注意:我选择不在这里使用 StringBuilder,因为这只是一个用于转换大约 200 个 DNS 区域文件的快速实用程序;但在替代字符串缓冲区方面,这会是更好的选择。在 C# 中,当处理字符串时,您处理的是特殊类型。C# 将字符串视为值类型,但在后台,它们是对象。当您对字符串执行几乎任何操作,如连接或截断时,原始对象不会被修改,而是会创建一个新对象,移动数据,并销毁旧对象。这在密集型应用程序中会产生大量开销。

教训:在实际应用程序中执行大量字符串操作时,请使用 System.Text.StringBuilder,因为它就是为此目的而设计的。

接下来,我们有了我们的文件修复方法,恰当地命名为 RepairFile(string Path)

private bool RepairFile(string Path)
{
    // Create a file info object
    System.IO.FileInfo Fi = new System.IO.FileInfo(Path);
    // If the file exists, proceed
    if (Fi.Exists)
    {
        // NOTE: Error trapping omitted for 
        // readability
        // You would want to trap the file operations in
        // a try / catch / finally block 
        // -----------------------------------------------
        // Create a StreamReader object 
        // We use a StreamReader because we are assuming 
        // that we are dealing with a text file
        System.IO.StreamReader S = Fi.OpenText();
        // Read the entire file -
        // NOTE: This would be better done using buffering
        // for performance, but for this example, I omitted it
        string FileBuffer = S.ReadToEnd();
        // Close our reader
        S.Close();
        // Call to our VerifyAscii method to ensure that
        // this is NOT a binary file
        if (VerifyAscii(FileBuffer))
        {
            // Split our buffer into lines
            string[] Lines = FileBuffer.Split('\n');
            // Create our StreamWriter
            // Again, using a streamWriter, since we are
            // dealing with Text
            System.IO.StreamWriter W = 
                   new System.IO.StreamWriter(Fi.OpenWrite());
            // Loop through our "Lines" and use the StreamWriter's WriteLine
            // Method to terminate the lines with the operating system
            // specific carriage return / line feed combination
            for (int i=0;i<Lines.Length;i++)
            {
                W.WriteLine(Lines[i].Trim());
            }
            // Close our writer
            W.Close();
            return true;
        }
        else
        {
            // Error Message for "non-ascii" files
            MessageBox.Show(Path+" \nDoes not Appear to be plain text. " + 
                       " No repair will be performed","File Format Error");
            return false;
        }
    }
    return false;
}

正在发生什么:这段代码本身就很好理解,在不清晰的地方,代码包含了大量的注释。

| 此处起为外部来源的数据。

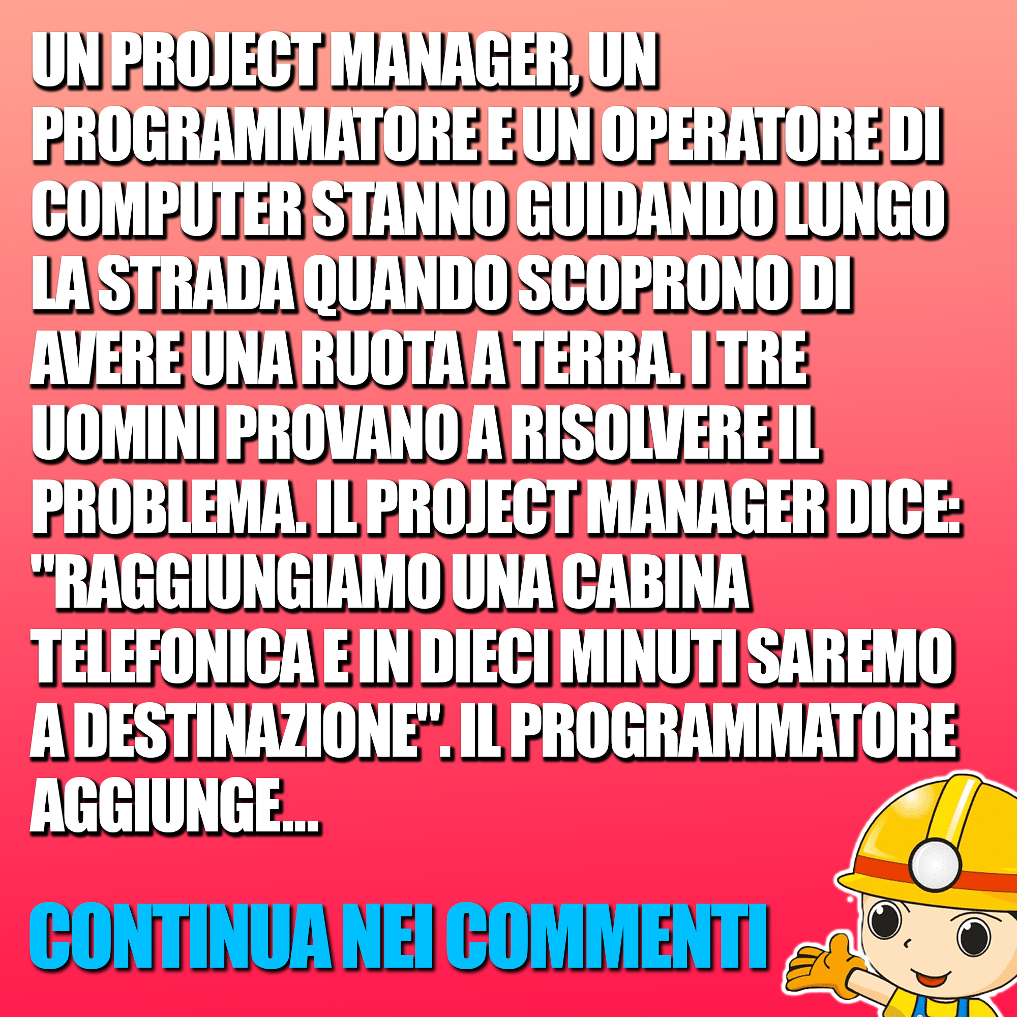 Un project manager, un programmatore e un operatore di computer stanno guidando lungo la strada quando scoprono di avere una ruota a terra… Continua10 Ottobre 202310 Ottobre 2023di davidSOCIETÀ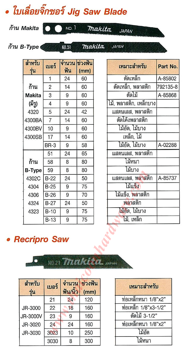 | สนใจ ใบเลื่อยจิ๊กซอร์ makita ติดต่อได้ที่เบอร์ Tel: 02-3935898, 091-7899265, Fax:02-3935894 Email: joypst@hotmail.com, ID Line : 789batteryplus |

总而言之,这个方法使用 StreamReader 对象打开由“path”指定的文件。我们使用 StreamReader 对象,因为我们假设读取的文件是文本,它比普通的 Stream 对象更适合此目的。

注意:为了简单起见,文件使用 StreamReader 对象的 ReadToEnd 方法被完整地读取。在实际应用中,为了应用程序的性能,最好分块读取文件。

文件加载后,首先将其发送到我们上面描述的 VerifyAscii 方法。如果 VerifyAscii 返回 true,则使用新行字符 (\n) 上的 String.Split 方法将缓冲区拆分成行。然后通过以 Write 模式打开原始文件来创建一个 StreamWriter 对象。出于保留目的,使用不同的文件进行输出可能更好,但我不在乎可能的损坏,因为这些已经是副本了。

然后,我们遍历 Lines[] Array 中的每一行,并将其写回原始文件。通过使用 StreamWriter.WriteLine(),我们用特定于操作系统的行终止字符来终止行。在 Windows 中,行由 \n\r(ASCII 13 + ASCII 10)终止。

整合

文件在 DragDrop 事件处理程序中被拖动后,会被添加到 ListView 中。要开始“修复”,请点击“Go”按钮,处理过程就开始了。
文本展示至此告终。